From “Life Without Principle” to “Don’t Go Breaking My Heart” (and its recent sequel), To is no stranger to milking drama and whirligig comedy from the complex mechanisms of the global marketplace. Capturing a snapshot of a small microcosm of the Chinese (and global) economy just before a fateful point of no return, “Office” isn’t as somber or scalding a critique of capitalism as “Life Without Principle,” in part because of the intrinsic dynamism of the film’s form and genre. The musical numbers (the work of Taiwanese songwriter Lo Tayu and Hong Kong lyricist Lin Xi) are admittedly more serviceable than inspired, and as is often the case with songs or poems performed in an unfamiliar language, non-Chinese audiences may struggle to connect the lyrics into a coherent whole, even with the aid of subtitles. Still, a few bits may still be buzzing in your ears as you exit the theater, notably the droning, high-pitched chorus that plays over the opening and closing credits — the sound of a busy hive of human activity, toiling endlessly in service of a system that never sleeps.

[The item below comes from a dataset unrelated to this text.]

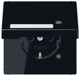 Jung wandcontactdoos (wcd schakelmat.), zwart, uitvoering contactdoos CEE 7/3 (type, 2 actieve contacten (rond), 1 eenheid, 1 fasen, aansluitwijze steekklem, met klapdeksel, met verhoogde aanraakbeveiliging, tekstveld/beschrijvingsvlak, RAL-nummer 9005, met functieverlichting

It’s a hollow, ruthless system, and “Office” at times suggests — in scenes of these young go-getters moving toward the elevators in carefully organized packs, their heads bowed in supplication toward their smartphones — that the lockstep tendencies of communism have essentially been replaced here by a different but no less stifling conformity. (“Look, we’re social elites; look, we’ll build a financial empire with one heart,” the people sing, in what sounds like a new kind of nationalist ode.) The giant clock ticking away in the background becomes a continual signifier not only that Time Is Money (as if anyone here needs reminding), but also that time is slowly slipping away for all involved. These are men and women who have devoted themselves to tracing patterns of human desire as revealed through chains of supply and demand, but who are themselves enacting a simulacrum of real life rather than the real thing.
But as deadening as life in the fast lane may be, “Office” itself never feels soulless. Its characters may be cogs in a giant machine, but they never come across as automatons, and their wild and unruly passions have a way of gumming up the gears. Chan makes a memorable sleaze, while Tang registers strongly as a workaholic whose personal and professional lives are continually spinning out of control. Wang’s energetic performance as a young titan in the making lends the film much of its cheeky energy, and while he and Lang make a cute couple, the actor has an even stronger rapport with Sylvia Chang’s CEO, who regards this young male apprentice with amusement and affection. Chang, the original mastermind behind the play, delivers a superbly restrained performance here as a self-made woman who conveys poise and authority in every understated word and gesture — even when the system finally ruptures and betrays the people who helped build it, beam by shimmering beam.